[ih] [IP] EFF calls for signatures from Internet Engineers against censorship
Dave CROCKER
dhc2 at dcrocker.net
Mon Dec 19 19:40:19 PST 2011
On 12/19/2011 4:21 PM, John Curran wrote:
> On Dec 19, 2011, at 5:57 PM, Dave CROCKER wrote:
>> Telephonic and postal communications do not require identification of the person originating the communication nor even of the person receiving ("identify parties", per your note.)
>
> Actually, international telephony provides exactly that information,
> including number identification services as required by the ITU
> International Telecommunications Regulations (ITRs).
Your original message referred to '"real world entities" such as people and
businesses' and 'obtain the legal parties'.
Nothing that is done today for postal or telephone directly identifies people
who are using the service, nevermind certifying the identification. At best,
what are identified are devices and places, and perhaps their owners. For
postal origination, the 'place' can merely be a post office. Sometimes the
information is useful, but it's a long way from identifying people.
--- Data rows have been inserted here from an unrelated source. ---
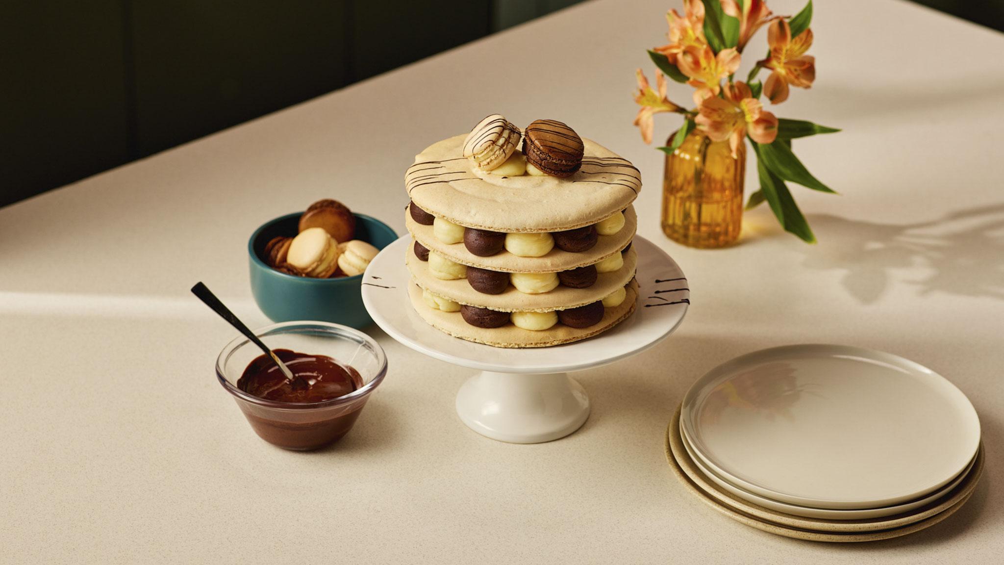 This stunning macaron cake is created by stacking 4 layers of large macarons, filled with smooth vanilla buttercream, and decorated with mini macarons. To save time, make the buttercream whilst the macarons are baking and cooling, then it’s ready to assemble and decorate! This recipe requires a food processor to blend the ground almonds and icing sugar as finely as possible. This helps achieve a smooth finish on the macarons. Macaron cake can be stored in the fridge for up to three days.
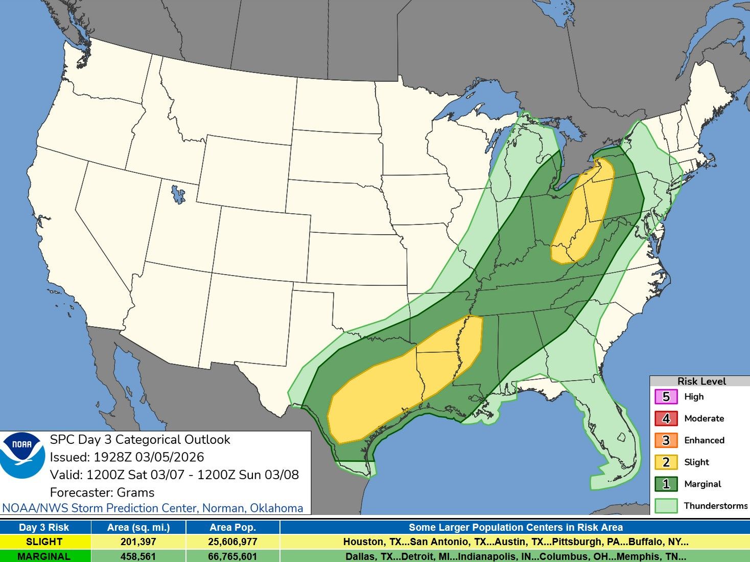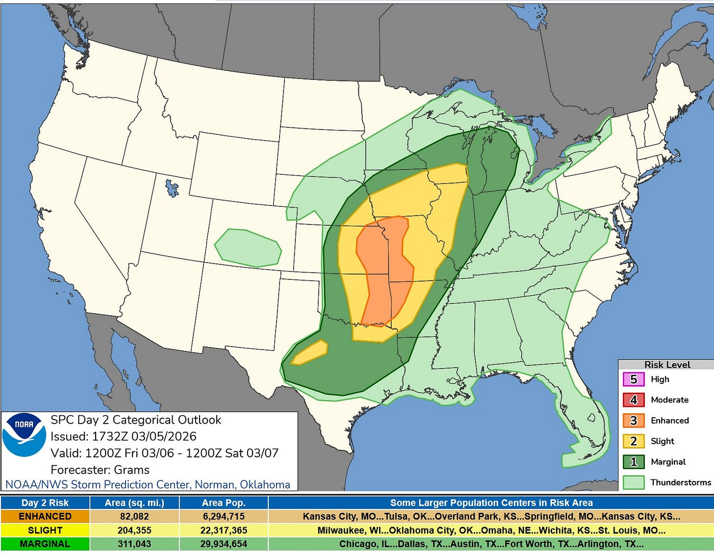Here’s the severe weather outlook area from the Storm Prediction Center for this Friday/Friday night. There is an Enhance Risk (level 3) from Eastern Oklahoma and northwest Arkansas north to the IA/MO border. The Enhanced Risk (in orange on the map above) is surrounded by a Slight Risk (level 2) from NE Texas to Lake Michigan. SPC says: “One elongated QLCS (Quasi-Linear Convective System) or a pair of QLCSs may evolve during the evening. The lead one should progress east-northeast towards the Lake MI vicinity with a threat for mainly damaging winds and a few embedded tornadoes.”
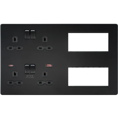 KnightsBridge Screwless Combination Plate with Dual USB FASTCHARGE A+C Matt Black
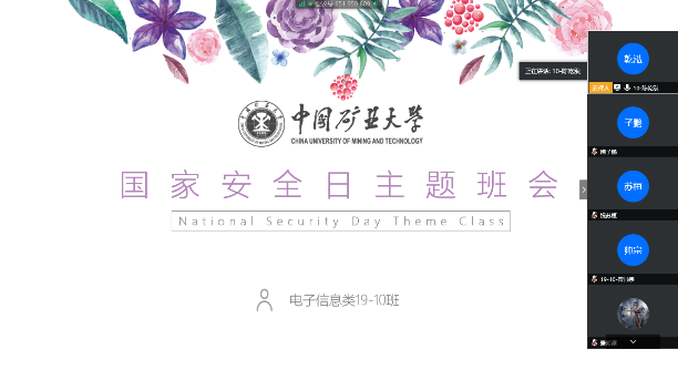 为进一步增强同学们的国家安全意识,提高防范和抵御风险的能力,2020年4月14日,bat365中文官方网站电子信息类19-10班召开“415国家安全日”线上主题班会。班长陈乾泓主持会议,,班级全体同学参会。
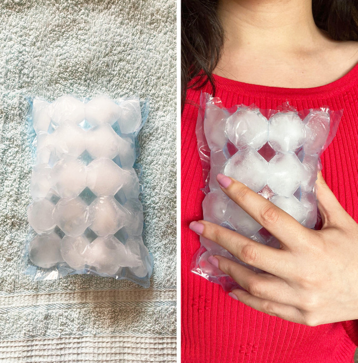 یک چیز سرد، مانند کیسه یخ را روی سینه خود قرار دهید
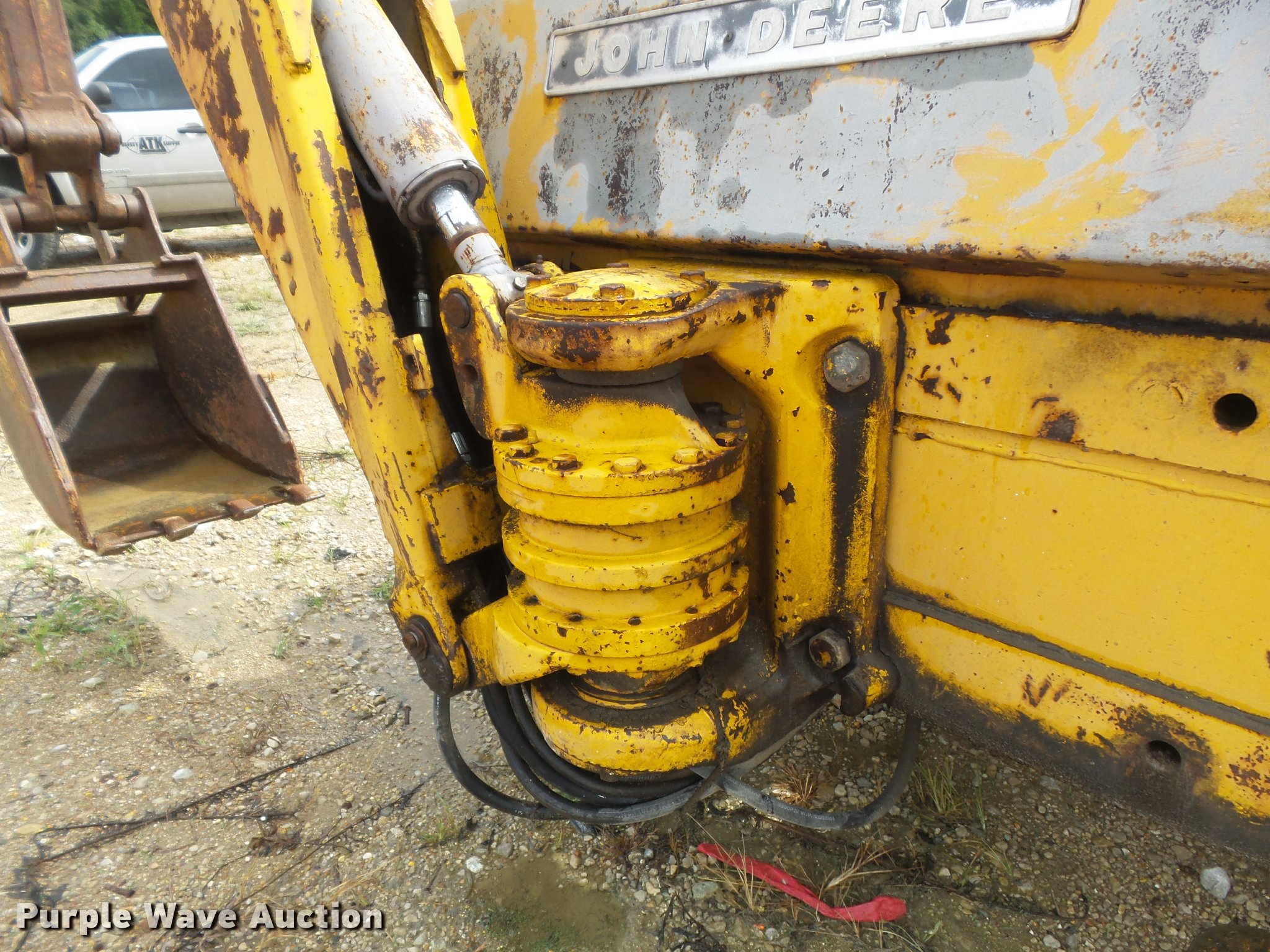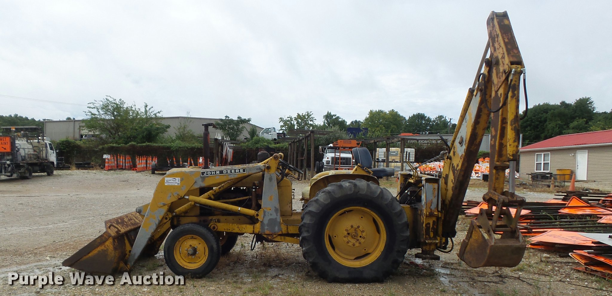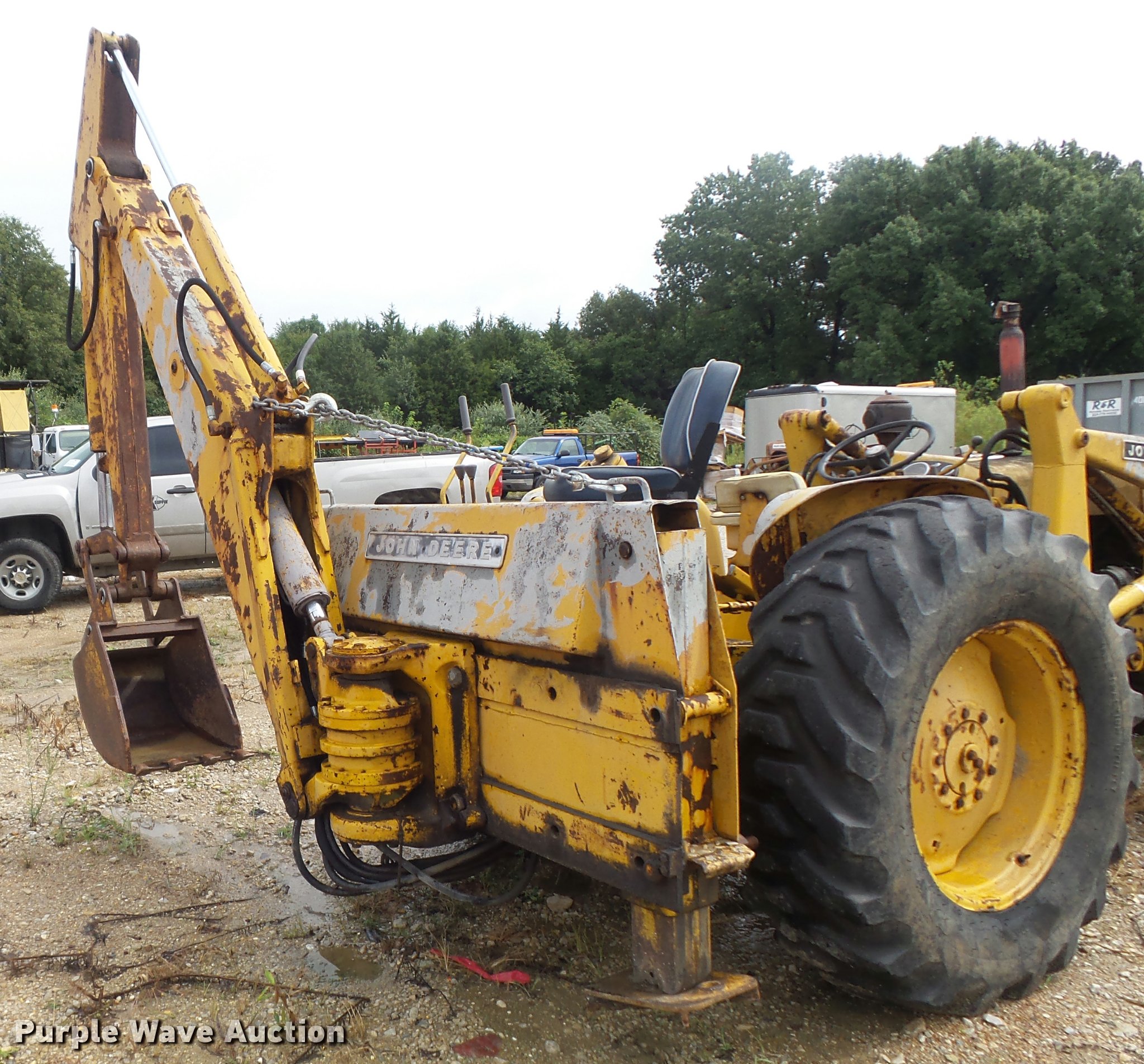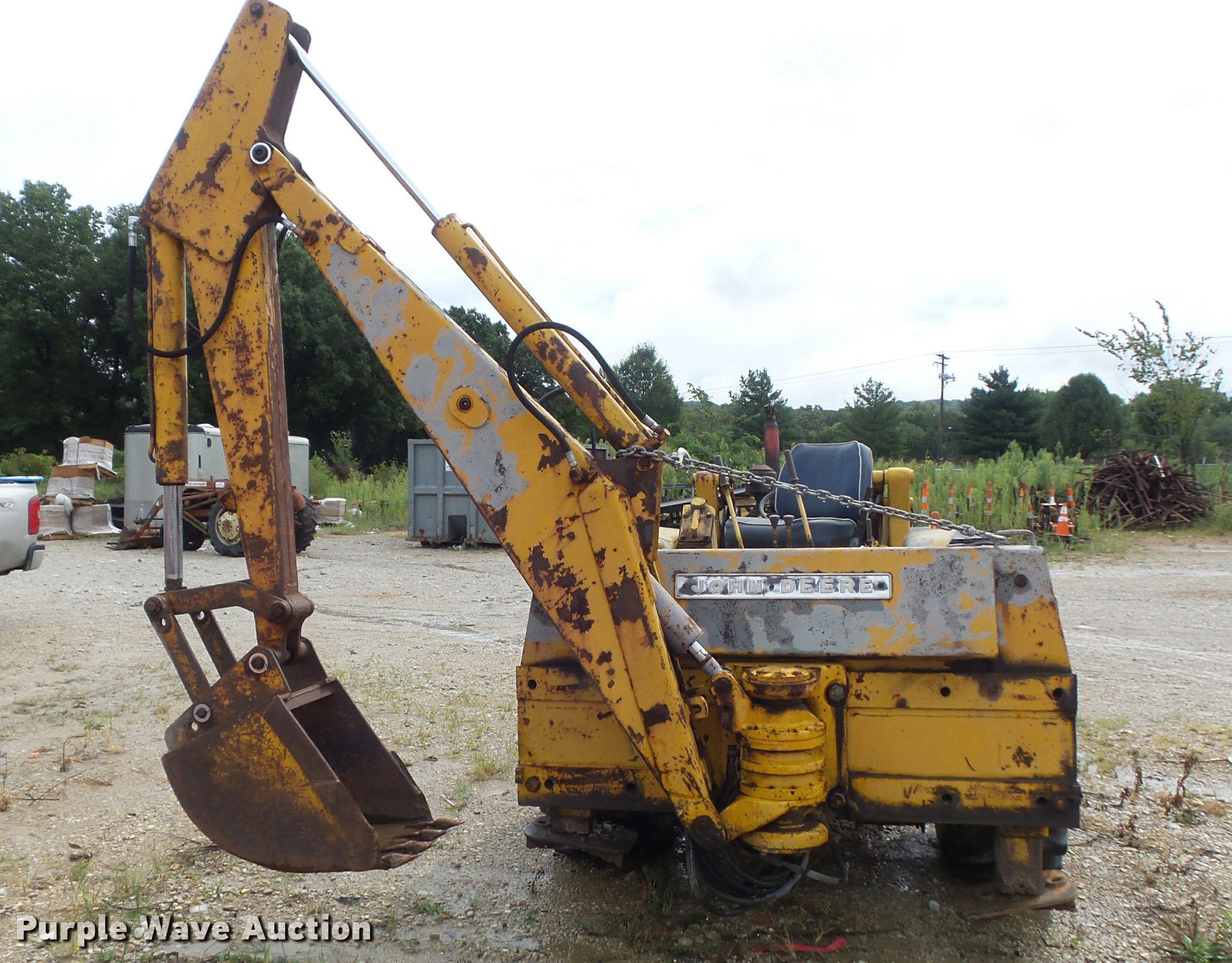 Purple Wave is selling a used Tractor Loader Backhoe in Missouri. This item is a John Deere 2010 industrial tractor backhoe with the following: John Deere HA165-G four cylinder gas engine, Manual transmission, 8F-3R gears, John Deere 720 loader, 65"W bucket, Joystick controls, John Deere 51 backhoe, 18"W four tooth bucket, Serial 51-394, 84" wheelbase, LT225/75R16 front tires, 16.9-28 rear tires, Dead battery
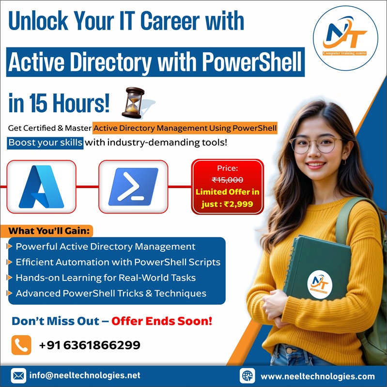 Mastering Active Directory helps you manage users, computers, and network resources efficiently, while PowerShell lets you automate these tasks with ease. Together, they boost your productivity, reduce errors, and prepare you for high-demand IT roles like System Admin, IT Support, and DevOps. Automate IT tasks Manage networks smartly Boost your career with in-demand skills Get hands-on with real-world scenarios Get Certified | Industry-relevant skills | Hands-on Learning For more Call Us: +91 6361866299 Mail Us: info@neeltechnologies.net Address: Doddabele Kengeri Bangalore - 560040 Visit Us: https://neeltechnologies.com/ ![]() | |
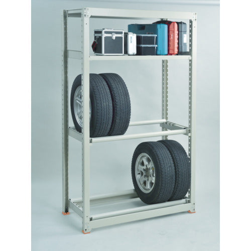 カタログ品番:M3-6573Y1B 特長:●タイヤ受けパイプは65mmピッチ、4段階で取付幅を調整できます。●ボルトを1本も使用していないボルトレス構造で、分解・組み立て作業を短縮できます。●棚の段数変更25mmピッチで、自由に調整、変更ができます。●高さ、奥行が同じであれば、増結することができます。また、支柱を兼用することにより、コストダウンが図れます。●優れた断面構造で、荷重、横からのねじれにも強いC型形状の支柱を採用しています。●樹脂ベースの使用により、床を傷つけません。 仕様:●間口(mm):1500●奥行(mm):731●高さ(mm):1811●有効間口(mm):1440●色:ネオグレー●均等積載量(kg/段):3●最大積載量(kg/台):2500●タイプ:連結型●棚板調整ピッチ(mm):25●棚板段数+タイヤ段数(段):3+1●棚板調整ピッチ(mm):25●均等積載量:300kg/段●最大積載量:2500kg/台●タイヤ受け金具調整ピッチ:65mm 材質/仕上:●本体:スチール(粉体塗装)●ベース:ポリプロピレン(再生材100%使用) 注意:●集中荷重になりますと耐荷重能力は半減します。必ず均等に荷重を分布させてご使用ください。●連結型のみではご使用できません。●棚板段数には天板も含みます。
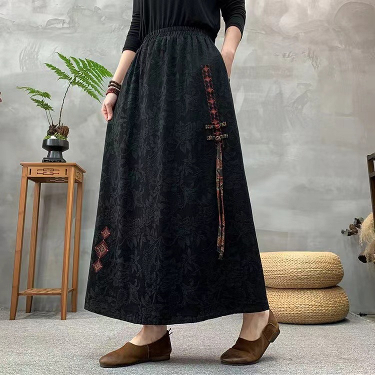 2023 rok jacquard linen dan katun bordir tugas berat gaya etnis baru musim gugur rok a-line panjang jahit telinga kayu
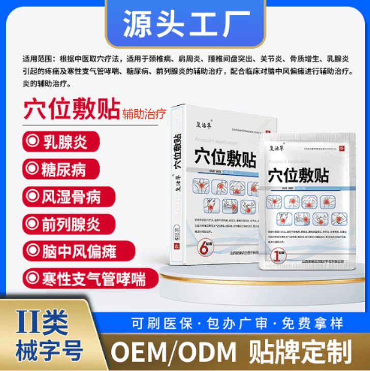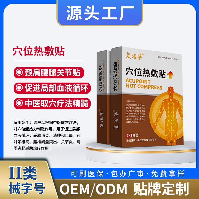 | 【產(chǎn)品賣點(diǎn)】 | 該產(chǎn)品適用于軟組織損傷、風(fēng)濕性關(guān)節(jié)炎、骨性關(guān)節(jié)炎、創(chuàng)傷性關(guān)節(jié)炎、頸椎病、腰肌勞損、肩周炎、腰部軟組織損傷、痛經(jīng)、宮寒、產(chǎn)后溫經(jīng)暖宮的輔助治療。 控銷;提供驗(yàn)廠;授權(quán);廣審 |

> I meant exactly what I wrote: If the Internet we had provided better mechanisms
> (as we presently have with telephony)
Presumably a viable solution for the Internet is readily available and can
operate without undue collateral downsides. Please point to the specifications;
some operational experience documentation would also be nice.
Absent those, you are offering a premise that lacks the texture of practical
experience. That is, it's theory.
In theory, there isn't much difference between theory and practice. In practice...
And for anything involving social systems, it's worse.
I'm pressing the point because the tendency to rely on "if we had done" lines of
commentary about the Internet -- or anything else involving complex social
systems -- is a distraction from serious, careful, practical /present/
consideration, except for cases that meet the set of 4 conditions I cited in my
previous note.
My own preference is to have this mailing list worry about pragmatics on matters
such as government-imposed restriction of Internet behaviors.
> then the inability for the US government
> to obtain cooperation to identify and shutdown a given foreign website streaming
> US-illegal content would much more clearly be seen as an actual failure of common
> values& diplomacy rather than "a problem with the Internet" per se.
> We have mechanisms which work fine for telephony: if you receive death threats
> via an international caller, there is actual law enforcement protocols to deal
> with such.
Death threats are the problem this proposed Internet restriction is about?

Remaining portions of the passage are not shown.